I am so sick. eerg. really wanted to just curl up in a tiny little ball and feel gross, but
trillsabells is evil. Anyway, here is the next chapter.
For those of you who don't know, and in case this is just in the US, "never have I ever" is a drinking game wherein people takes turns saying "never have I ever...*something they haven't done*" Everyone who has done it must then take a drink.
Part 1 Part 2-----------------
“My go? Right. Umm…Never Have I Ever had sex with a doctor,” Lestrade pronounced.
John groaned and took another sip of his beer. Lestrade was cheating. Specifically picking things he knew John had done (ie - never have I even been kidnapped by a mad man, been mistaken for my lover, etc).
Arthur, to John’s surprise, took a swig as well. Catching the man’s look, he explained. “Emrys already got a PhD two years ago. He’s working on his second because he likes school. Actually likes it. Can you imagine?”
“No. Whenever I bring up university all, Sherlock cringes. I’m fairly sure he was bored out of his skull. I’m also fairly sure that’s where the skull came from.”
“What, the one on the mantle?” Lestrade asked. John nodded.
“Oh. Never Have I ever found body parts lying around my flat!” Arthur called out. “Well, not human body parts, anyway.”
John took another drink. This just wasn’t fair.
“Never Have I Ever slept with a Holmes before moving in with him,” John announced.
Lestrade and Arthur clinked their glasses together before drinking. John looked at the table and sighed. Even with that last move, his second glass was nearly empty, and they were still only halfway through their firsts. Apparently, even being married to the British government is not enough to top the bizarreness that is life with Sherlock.
“How did that happen, by the way?” John asked.
Lestrade just smirked. “Classified. “
“Oh, shut up,” John sighed. “How about you, Arthur?”
“Had a class together. Thought he was an insufferable prick. Got stuck with him on a project. The rest, as they say, is history. That was…a year ago, I think?”
“Never have I Ever forgotten our anniversary or had it forgotten,” Lestrade said suddenly.
John and Arthur shot each other looks before taking swigs. He vowed to himself that he would no longer try to keep Sherlock on his best behavior at the Yard.
About half an hour later, John was feeling decidedly drunk, Arthur was thanking every deity he could think of that Emrys was sane, and Lestrade was still basking in the glow of having completely pulled one over on Sherlock Holmes.

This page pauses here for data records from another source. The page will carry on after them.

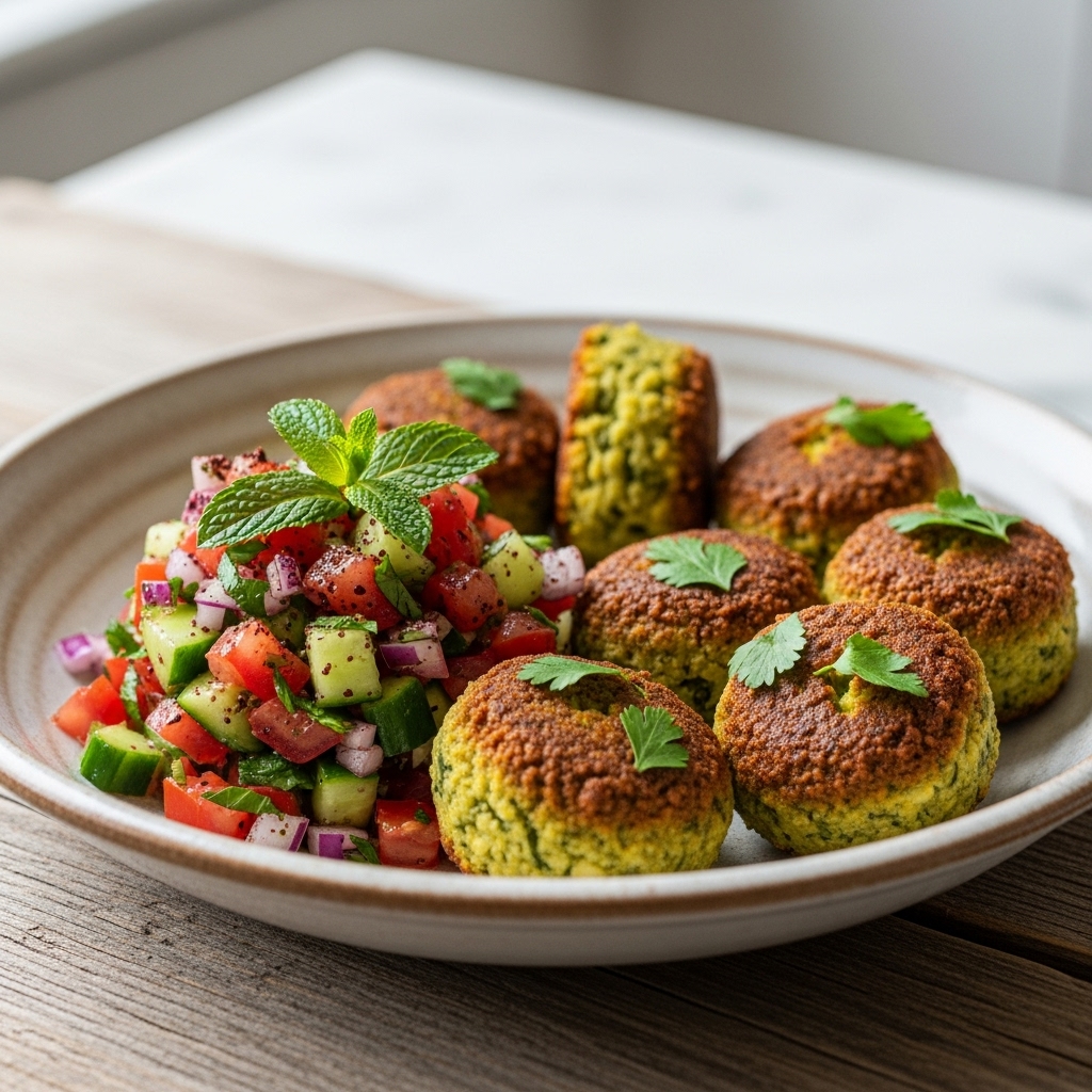 EasyVegan Persian Breakfast Delight: Aromatic Herbed Falafel and Tomato-Cucumber SaladCookJunkiePeruvianSalads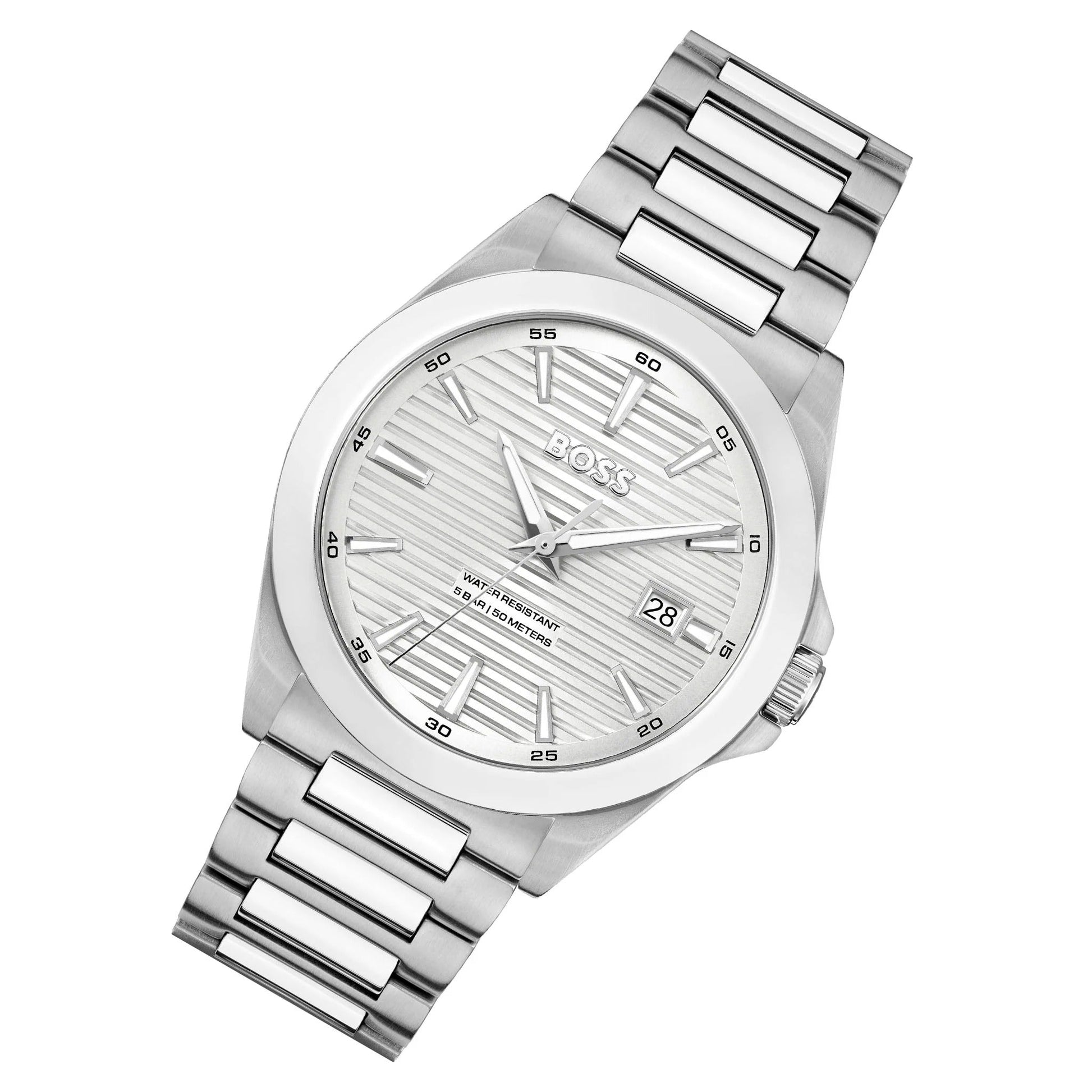 The Hugo Boss Strike 1514176 watch combines sleek design with practical features, perfect for the modern individual. Its silver stainless steel case and bracelet offer a polished and durable exterior. The dial features a subtle silver pattern and silver accents, adding a touch of sophistication while ensuring readability. Powered by precise quartz movement, it provides reliable timekeeping, complemented by a convenient date display function. With water resistance up to 50 meters, this timepiece is suitable for everyday wear, offering both style and resilience in various settings. - Quartz - Stainless Steel Case and Bracelet - Date Display - 50 Meters Water Resistant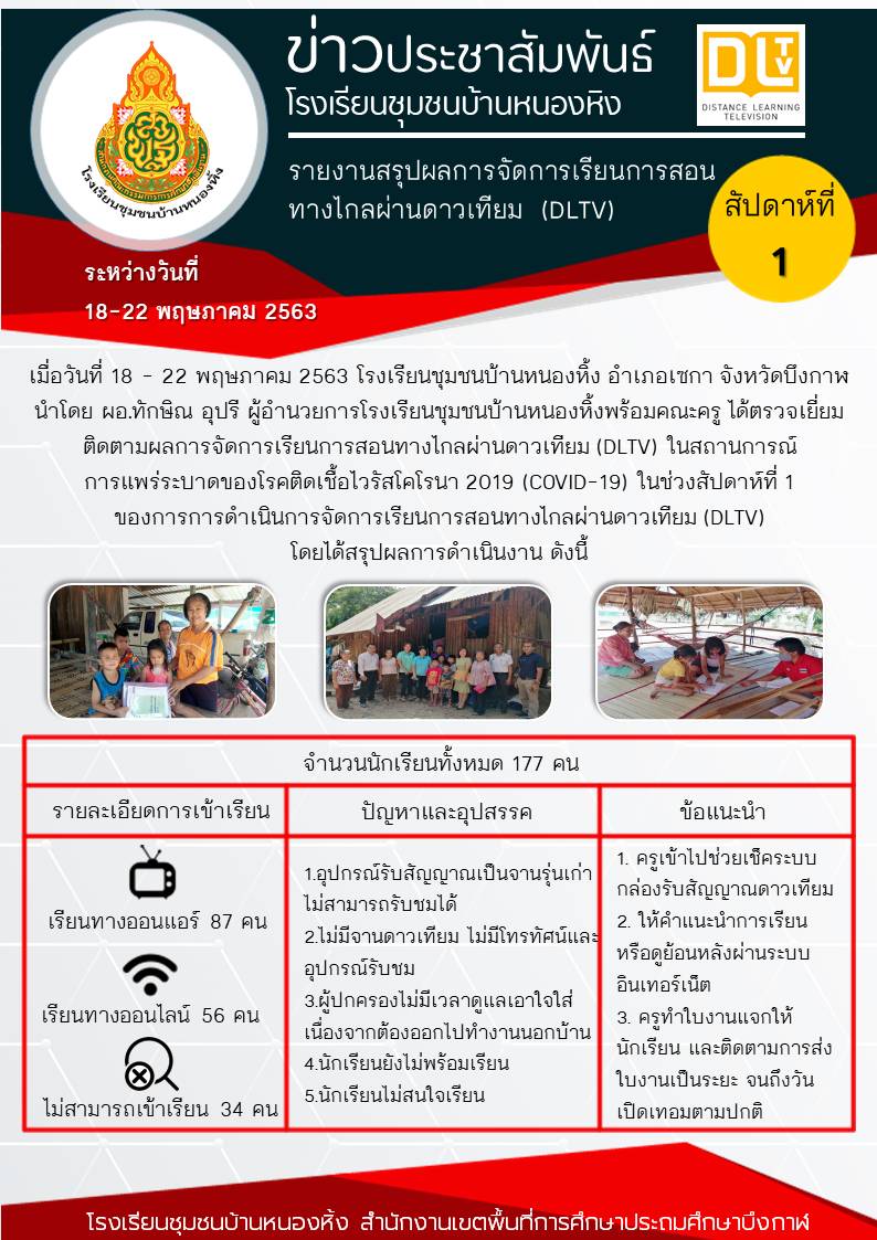 รายงานสรุปผลการจัดการเรียนการสอนทางไกลผ่านดาวเทียม(DLTV)สัปดาห์ที่1 โรงเรียนชุมชนบ้านหนองหิ้ง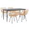 Ensemble à manger de jardin 5pcs Résine tresséeCréez une esthétique convaincante et uniforme dans votre espace extérieur avec cet ensemble de salle à manger de jardin ! Matériau durable : la résine tressée, également connue sous le nom de rotin poly, résiste aux intempéries et est facile à nettoyer. Elle reste belle à l'extérieur pendant une longue période. Elle offre une excellente qualité, commodité et un aspect esthétique. Cadre robuste et stable : les cadres en acier rendent l'ensemble de terrasse robuste et stable pour une utilisation quotidienne à l'extérieur. Dessus de table pratique : le dessus lisse de la table de salle à manger est en verre trempé, facile à nettoyer avec un chiffon humide. De plus, le dessus robuste est parfait pour placer des repas, des boissons et d'autres objets décoratifs. Assise confortable : la chaise de salle à manger est conçue avec un dossier et des accoudoirs pour vous offrir une expérience d'assise confortable. Bouchons de pieds pratiques : l'ensemble de bistro est livré avec des bouchons de pieds qui l'aident à se tenir plus fermement au sol. Remarque : Afin de prolonger la durée de vie de votre mobilier d'extérieur, nous vous recommandons de le protéger avec une housse imperméable. Chaque produit est livré avec un manuel de montage dans la boîte pour un montage facile. Maximum 110 kg par siège.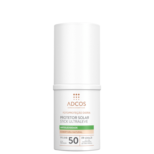Protetor solar facial para peles mistas e oleosas. Adcos Fotoproteção Diária Stick Ultraleve FPS 50 oferece controle da oleosidade, reduz poros e protege do sol.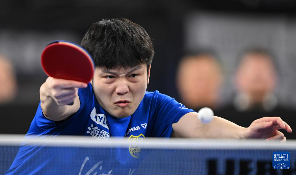1月4日,萨尔布吕肯队球员樊振东在男子单打比赛中回球。最终他3比0战胜富尔达-马伯策尔队球员奥恰洛夫。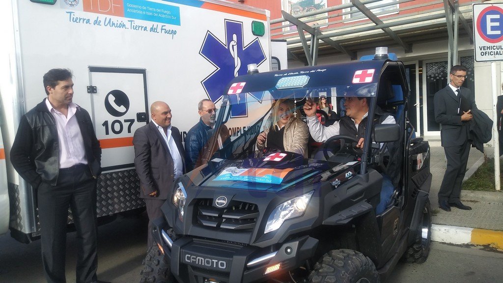 La gobernadora Rosana Bertone, junto al ministro de Salud Guillermo Ruckauf hicieron entrega este jueves en el Centro Cultural Yaganes de Río Grande de dos ambulancias 4 x 4 de alta complejidad, una para cada hospital, mientras que el UTV de auxilio y emergencia será destinado al Centro de Atención Tolhuin. *-*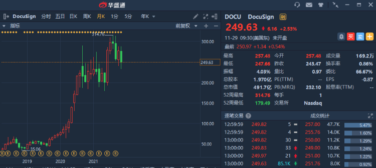 Docusign $DOCU 上周五逆市上涨了2.53%,其2020年的涨幅达到了约200%。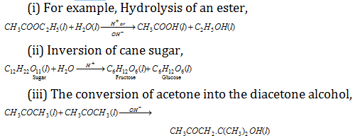 (7) Acid-base catalysis: According to the Arrhenius and Ostwald H+ or H- ion act as a catalyst.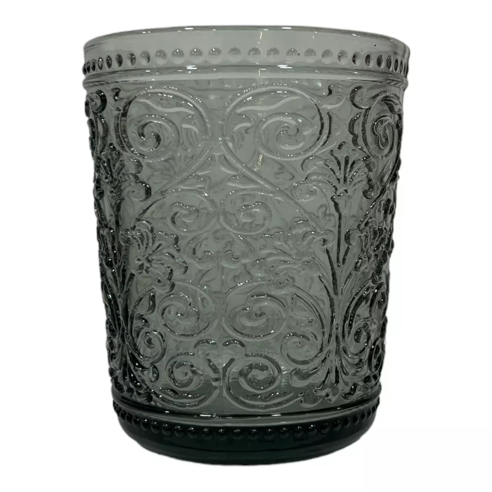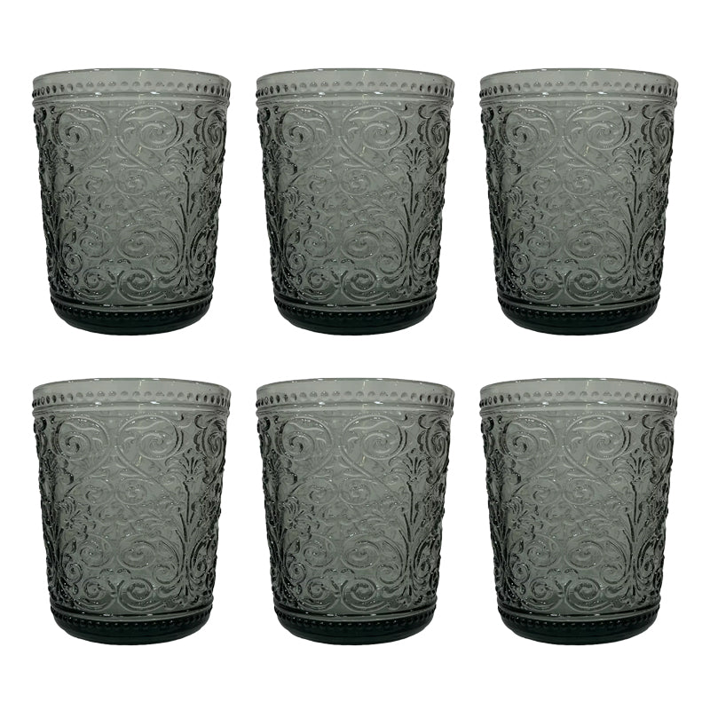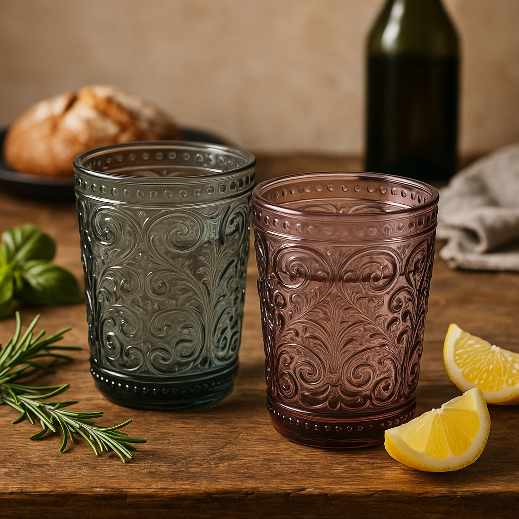 Realizzati in vetro trasparente con una raffinata lavorazione a rilievo ispirata alle foglie di acanto, questi bicchieri da 310 ml offrono un design ricco di fascino, perfetto sia per l’uso quotidiano che per mise en place più ricercate.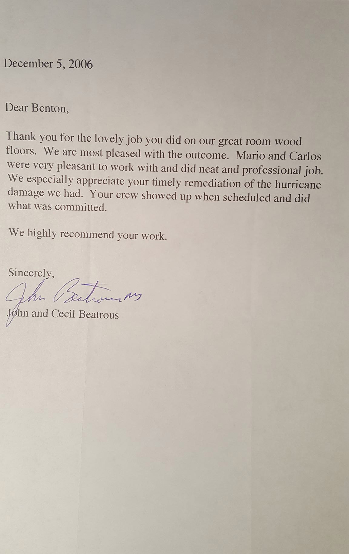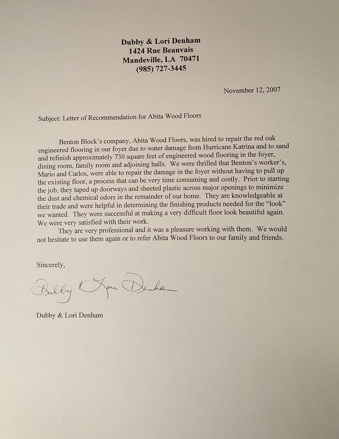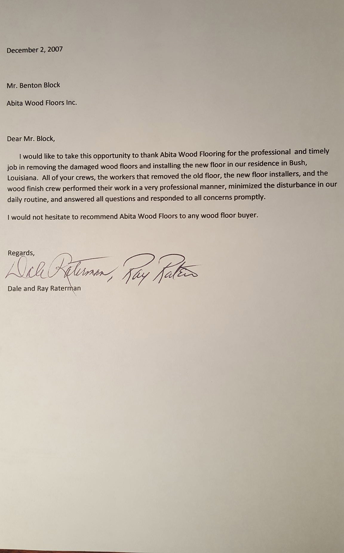 Abita Wood Floors > Testimonials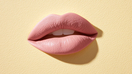 A stunning close-up of soft pink lips with a glossy finish, set against a bright yellow background. This image captures beauty and elegance in simplicity.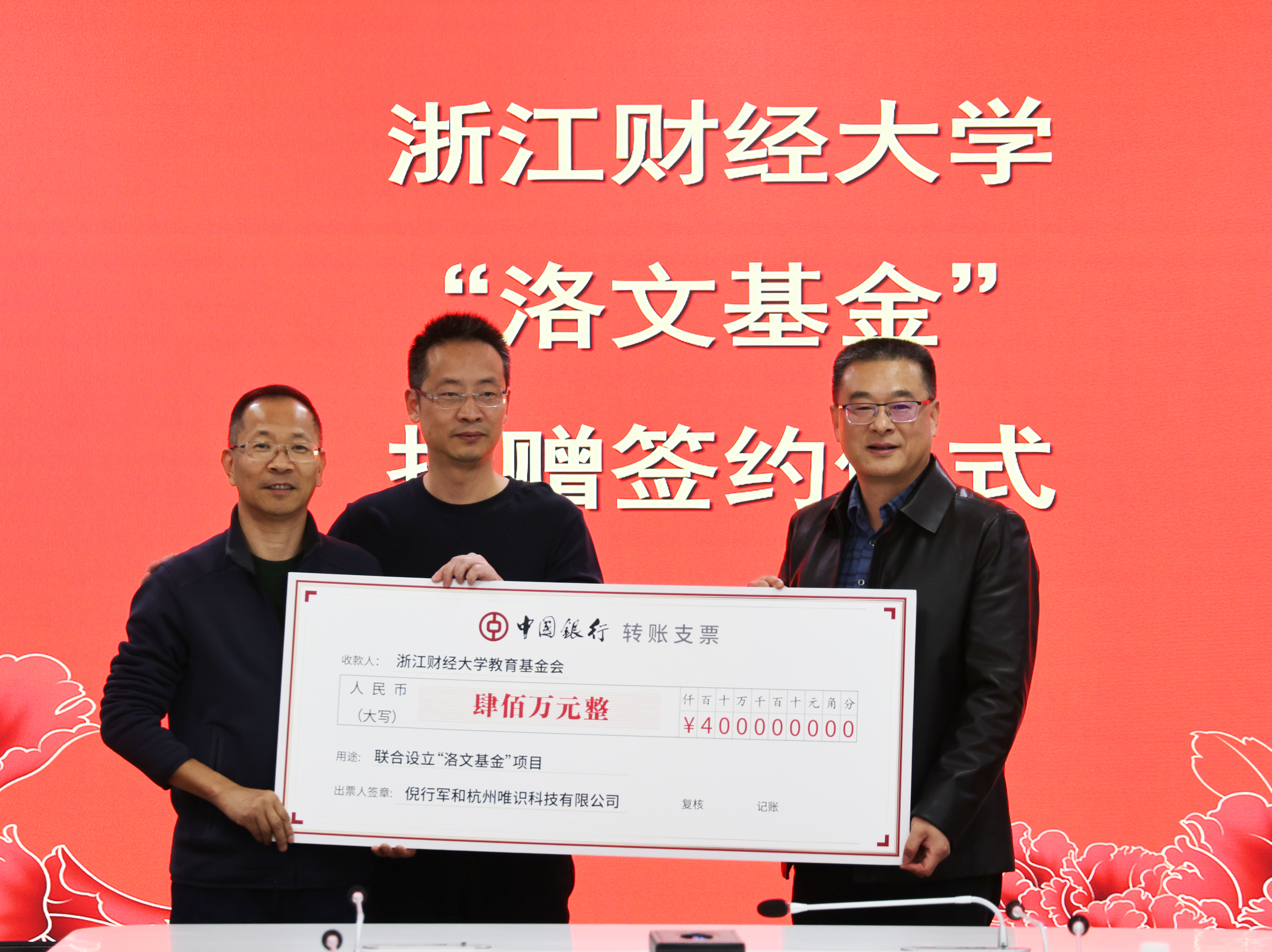 12月12日,“洛文基金”捐赠签约暨校史馆揭牌仪式在学校下沙校区举行。校党委副书记徐晓东、程爽,2000届会计专业校友、蚂蚁集团资深副总裁、蚂蚁集团技术战略委员会主席倪行军,2001届社会保障专业校友、杭州唯识科技有限公司CEO叶进武,2003届市场营销专业校友、浙江省盈盈公益基金会理事长俞燕平等出席仪式。

“So, why on earth have we all been hiding the fact that we are in relationships?” Arthur asked suddenly.
“Because they’ve all been too afraid to tell Mummy that they are in happy, long term committed relationships with men,” Lestrade said voice filled with a bitterness that came from seven years of hiding his relationship. “And then thought they had to hide it from each other.”
“Because they are idiots,” John said with conviction. If there was one thing he was sure about regarding the Holmes brothers other than that they were brilliant, it was that. “You know, is there a chance they’re misreading the situation like they did with one another?
“Even if they aren’t, I think it’s about time someone told her,” Lestrade said.
“If they present a united front…but how do we get them to do it?” John mused.
A pause.
“Withhold sex?” Arthur proposed.
“Withhold sex,” John and Lestrade agreed.